When the award-winning and internationally known Triple Helix Piano Trio musicians—violinist Bayla Keyes, cellist Rhonda Rider, and pianist Lois Shapiro—joined together in 1995, The Boston Globe described the results of their union as “the livest live music in town,” with “wildly imaginative, emotionally charged, virtuoso playing” that was “sophisticated in musical detail, wholeheartedly interactive, uninhibited in emotion, and touched by a special grace.” Subsequently, the ensemble has become known as one of the best piano trios on today’s musical landscape.
Soprano Ann Moss is an acclaimed recording artist and champion of contemporary vocal music who performs and collaborates with a dynamic array of living composers. Her high, silvery, flexible voice has been singled out by Opera News for “beautifully pure floated high notes” and by San Francisco Classical Voice for “powerful expression” and “exquisite phrasing.” A native of Boston and a graduate of Hampshire College, the Longy School of Music of Bard College, and San Francisco Conservatory, Ann Moss currently resides and teaches in the San Francisco Bay Area with her husband, violist Justin Ouellet. Ann is a Reiki practitioner, enthusiastic Yogi, and pursues a lifelong interest in Traditional Chinese Medicine.
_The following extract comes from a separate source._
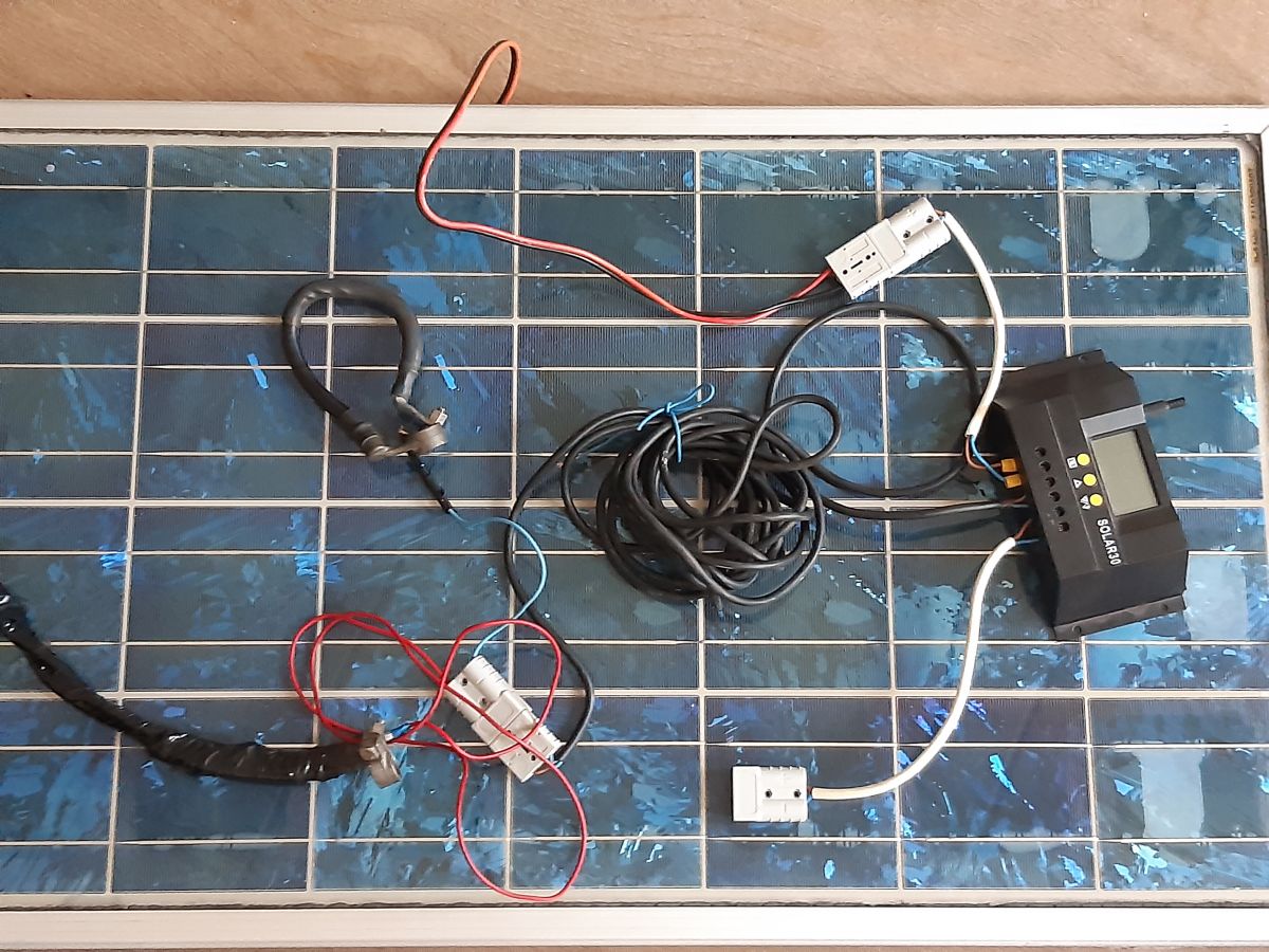 Intussen is de opstelling klaar en getest alleen moet ik nog even kijken hoe ik een iets hogere laadspanning krijg voor mijn gekregen AGM accu.

Conductor, trumpeter, and singer Luca Antonucci brings dynamism and incisive musicianship to performances throughout New England. A native of Watertown, MA, Antonucci holds an M.M. in Orchestral Conducting from the Hartt School, where he studied with Edward Cumming and Glen Adsit. Luca is the recipient of a B.A. from Amherst College, where he graduated summa cum Laude in 2014, Luca spent the 2014-15 academic year as a Fulbright Fellow in Vienna, Austria, where he published work on Arnold Schönberg in the Journal of the Arnold Schönberg Center. His article, “Schönberg Conducts Mahler: Exploring A Performance from Schönberg’s East Coast Year” can be found in the Journal of the Arnold Schönberg Center. Equally at home on the podium or in the opera pit, Luca has appeared alongside faculty, students, and guest artists with the Hartt Orchestra, Foot in the Door Contemporary Ensemble, the Hartt Opera Theater, and the Hartt Brass Ensemble. He has also served as Assistant Conductor of the Pioneer Valley Symphony, and Conductor and Music Director of the Pioneer Valley Symphony Youth Orchestra. Luca has appeared throughout the US and Europe in conducting masterclasses with faculty including Benjamin Zander, Paul Vermel, Donald Portnoy, Peter Jaffe, Diane Wittry, Neil Varon. An enthusiastic advocate of choral music, Luca founded the Brookline Chamber Singers in 2016, which raised almost $500 in its inaugural year for the Womens’ Lunch Place of Greater Boston. Luca has also served as the Assistant Music Director at the Church of St Mark the Evangelist in West Hartford, CT, and is serving as Conducting Intern for the Zamir Chorale of Boston for the 2017/18 season. Luca maintains an active schedule as a performer on the trumpet, performing solo and in chamber settings, as well as a member of jazz bands, orchestras, and wind ensembles throughout the Boston area. He is especially interested in free improvisation and the traditional brass band literature of Eastern Europe. In 2014/15, Luca was recognized as Official Musical Ambassador of the Musikverein Leopoldau, an award-winning wind band in Vienna, Austria. Luca is a member of the faculty of the Rivers Summer Music program in Weston, MA, where he teaches music theory and directs the Wind Ensemble. He also maintains a private trumpet studio and directs the Band at the Brimmer & May School in Chestnut Hill, MA.